It’s bad enough going to jail, when you’re a famous rapper and hence don’t have any business going to jail, but it’s even worse going to jail without anyone knowing about it. Might as well get that credibility boost that comes from being a known criminal.
Even if you committed a bullshit crime where no one got hurt and nothing was stolen, or if you just got locked up for being crazy, I’d say there’s still something badass about being institutionalized. Take for example Charles Hamilton. I always kinda knew he was crazy, based on damn near every single thing he’s said and done since he’s been a public figure, but, like the late, great Noz, I also suspected that at least some of that was a put-on. When he showed up to that XXL Ustream interview in a pink wheelchair, I figured he was just fucking with us. How could it be that he couldn’t walk, but he wasn’t crippled or anything? His brain was just too fucked the fuck up, from heroin, and the confusion that comes from producing an album via seance with the late, great J Dilla, and the emotional pain that comes from being hit by a woman (which could even be worse than a woman being hit by a man, because it’s more wrong), to control his legs. I’d never heard of anything like that, and I’ve heard of all kinds of crazy things. But now that we know that Charles Hamilton spent several weeks in the pokey out in Ohio somewhere (where he may have just randomly woke up, like that time William H. Macy woke up in Canada in the excellent new Showtime series Shameless), for trying to beat up a cop, which is one of the main crimes committed by crazy people, and that’s he since been released into some sort of facility for psychiatric evaluation, I don’t have a problem believing anything having to do with Charles Hamilton being crazy. That motherfucker must be batshit. You know good and well they aren’t keeping people locked up just because they’re crazy, what with the state of the economy, especially out here in these rust belt areas. They aren’t even sending out squad cars for incidents of rape-rape anymore. It might be a while before we see Charles Hamilton again.

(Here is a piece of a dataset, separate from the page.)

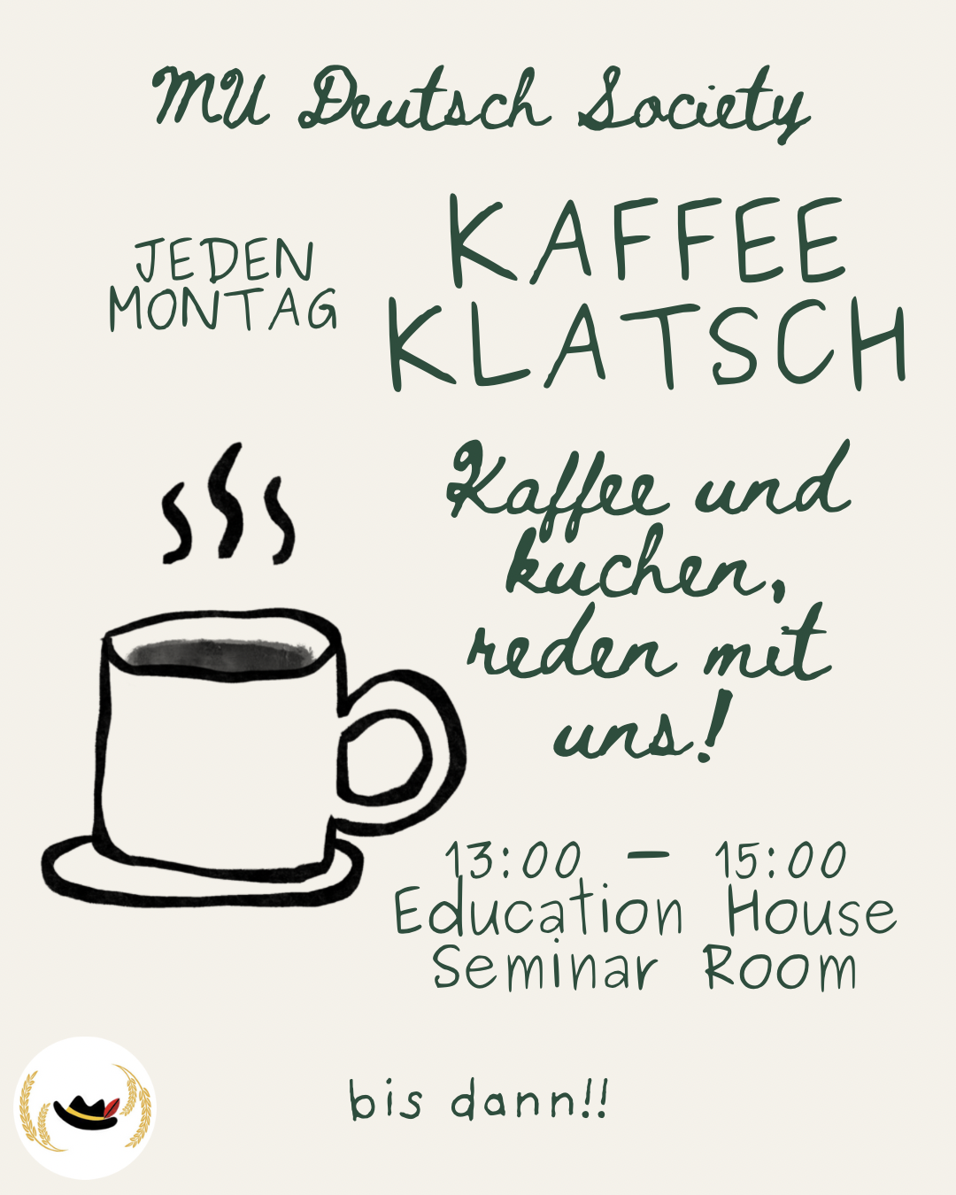 Kaffeklatsch is our weekly German society coffee and chats session. In Kaffeeklatsch we aim to promote the use of the German language in a fun and welcoming environment. We provide tea, coffee, cakes and treats for our members and discuss various topics and tell stories through German.

Similarly, it was announced recently that Scarface is in jail down in Texas or somewhere, and there’s no way he can get out. He got locked up on umpteen different charges of failure to pay child support, but there’s also some undisclosed federal charge against him, so there’s no bail he can pay to get out, and he couldn’t just pay the amount he owes in back child support and get out, even if he could afford to. Ironically enough, the fact that he’s being held on some mystery federal charge, which could be BS (you know how they see a black man in a nice car and immediately assume he must be some sort of criminal), is a disincentive for him to bother trying to take care of his kids. What’s the point of him trying to scrape together whatever amount he’s been ordered to pay the skanks he had these babies with, which is probably way above minimum amount necessary to keep them in pampers and similac, when, even if he does, it’s not like he gets to go home. Might as well just hold on to that money, maybe try to hide it in secret accounts or some shit, which I’ve heard suggested as a strategy for guys who fuck around on their wives and don’t want to run the risk of having to cut a check for half, Johnny Carson-style. Have guys actually gotten away with that shit? I might need to look into that, to suggest as a wealth strategy for Nas, even though his wife was the one fucking around on him. I guess they don’t care about those kinds of details out in California.

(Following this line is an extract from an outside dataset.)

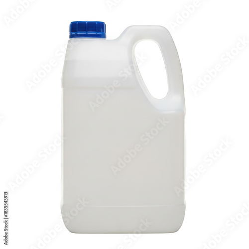 Translucent white plastic jerry can with a blue screw cap and integrated handle, isolated on transparent background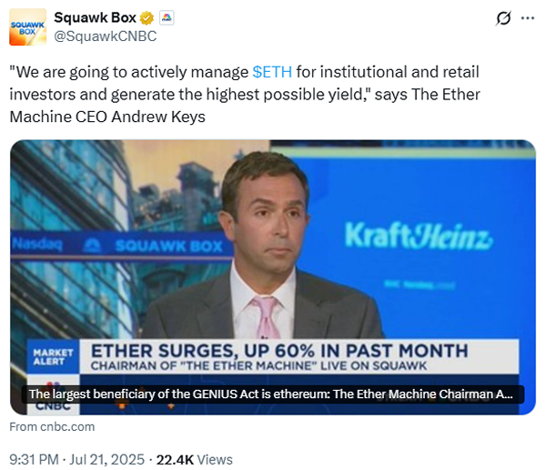 “The price of Ether per Bitcoin over the past decade has materially improved. Over the last decade, since Ethereum started, you would be 50x wealthier [had you owned it since then],” Keys said on CNBC’s Squawk Box on Monday while talking about his new Ethereum treasury firm, which plans to go public.

If I were Scarface, there’s two main things I’d be concerned with, regardless of whether or not those kids get taken care of. First of all, there’s the very real possibility that Scarface could end up dying in prison, like the Levert brother who ended up dying in prison after he got locked up for failure to pay child support. That “I’m Not Your Casanova” money must have finally run out. There was also Kenneth Keith Kallenbach, who died in the joint after being locked up for trying to lure a young girl into his car, as I recall. Scarface is probably in worse shape than either of them – though it’s hard to tell. Those R&B niggas might appear to be more healthy, because they put more time and effort into their hair and makeup. To his credit, I’d say Scarface appears to be in much better shape than Gerald Levert, who also died relatively young, albeit not in jail. He may have overexerted himself flying around playing shows for the random, remote groups of people who still give a shit. There comes a time in your life when you don’t want to have to work as hard as you did back when you were still having good ideas on a regular basis.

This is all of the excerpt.